First game thread. :banana: I hope I don't do as badly as kisstherim.


----------



## Yao Mania (Aug 4, 2003)

Haha this game thread starting thing's really been taking off lately!

I'm gonna go out and say this is a MUST WIN. And I want Yao to ABSOLUTELY DESTROY Camby so I can go to the General board and shut up allllll the haters!!!!! Go Yao! I mean, go Rockets!


----------



## CrackerJack (Jul 2, 2005)

we lose i blame it on you Demiloy :biggrin: but you sure did get in quick


----------



## kisstherim (Jul 15, 2004)

Demiloy said:


> First game thread. :banana: I hope I don't do as badly as kisstherim.


I don't think 0-1 is really that better than 0-3 :wink:


----------



## Stat O (Mar 17, 2005)

muuussssst win.....if we lose this....season is pretty much over...


----------



## cpawfan (Jun 20, 2004)

The big question for the Nuggets is which team will show up. The one that got blown out by the Bucks or the one that beat the Pistons.

Also, expect Ruben to start at SG for the Nuggets.


----------



## pac4eva5 (Dec 29, 2005)

camby had 12 points, 20 rebounds and 5 blocks against ben wallace. good luck yao...


----------



## HayesFan (Feb 16, 2006)

Nuggets coming off a big game against the Pistons... will that have an effect on this game???


----------



## kisstherim (Jul 15, 2004)

pac4eva5 said:


> camby had 12 points, 20 rebounds and 5 blocks against ben wallace. good luck yao...


Yao had 22 points, 20 rebounds and 4 blocks against ben wallace. good luck Camby...


----------



## pac4eva5 (Dec 29, 2005)

kisstherim said:


> Yao had 22 points, 20 rebounds and 4 blocks against ben wallace even in his rookie year. good luck Camby...

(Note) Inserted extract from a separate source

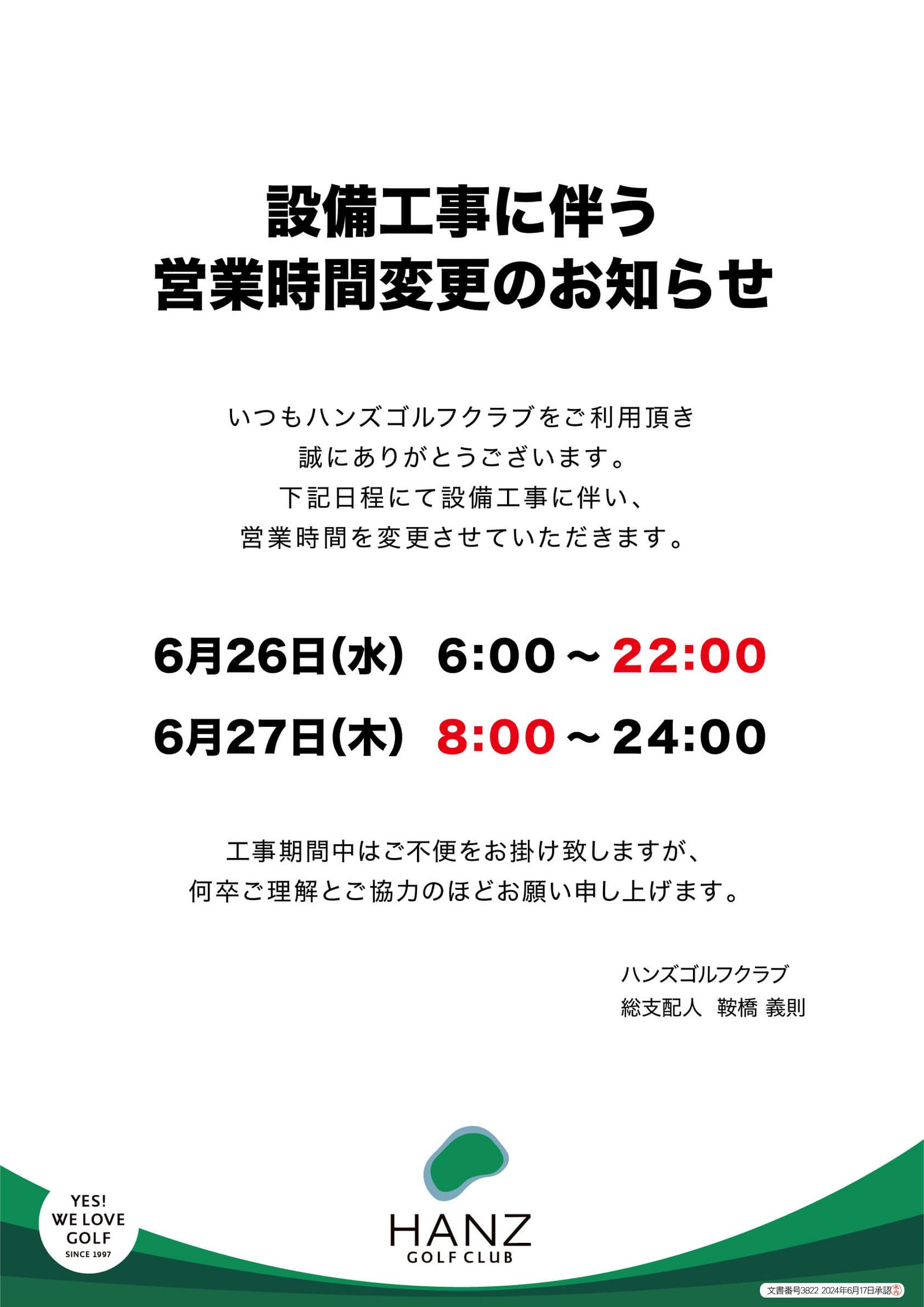 6/26(水)・6/27(木)設備工事に伴う営業時間変更のお知らせ

defensively, camby made ben wallace look like a 5 footer. of course ben DID steal his DPOY last year... :nonono:

 either way its gonna be fun. camby vs yao is overrated. REAL question is: who is gonna stop melo and k-mart???


----------



## bronx43 (Dec 9, 2005)

pac4eva5 said:


> defensively, camby made ben wallace look like a 5 footer. of course ben DID steal his DPOY last year... :nonono:
> 
> either way its gonna be fun. camby vs yao is overrated. REAL question is: who is gonna stop melo and k-mart???


The other question is which Tmac will step up? The one who scored 13 pts in 35 seconds or the 5 for 18 scrub that has taken over Tmac's body for the month of Feb.


----------



## CbobbyB (Feb 16, 2006)

...if these boys dont win this one. . .


----------



## Cornholio (Feb 13, 2005)

Damn, I lost my job :biggrin: 

Hoping the role-players step up in this one.


----------



## HayesFan (Feb 16, 2006)

cornholio said:


> Damn, I lost my job :biggrin:
> 
> Hoping the role-players step up in this one.


You are still over .500 C!

I hope Wesley and Howard have better games than against the 76ers... if not I say take 'em out and put in the subs for the rest of the game!!! 

I know I am far from impartial cause its Hayes, but it just irritated me that Chuck got that huge rebound and put back to tie the game last night and then Gundy took him out and put Howard in. :sigh:


----------



## FirstRocket (Mar 10, 2005)

pac4eva5 said:


> defensively, *camby made **ben wallace** look like a 5 footer.* of course ben DID steal his DPOY last year... :nonono:
> 
> either way its gonna be fun. camby vs yao is overrated. REAL question is: who is gonna stop melo and k-mart???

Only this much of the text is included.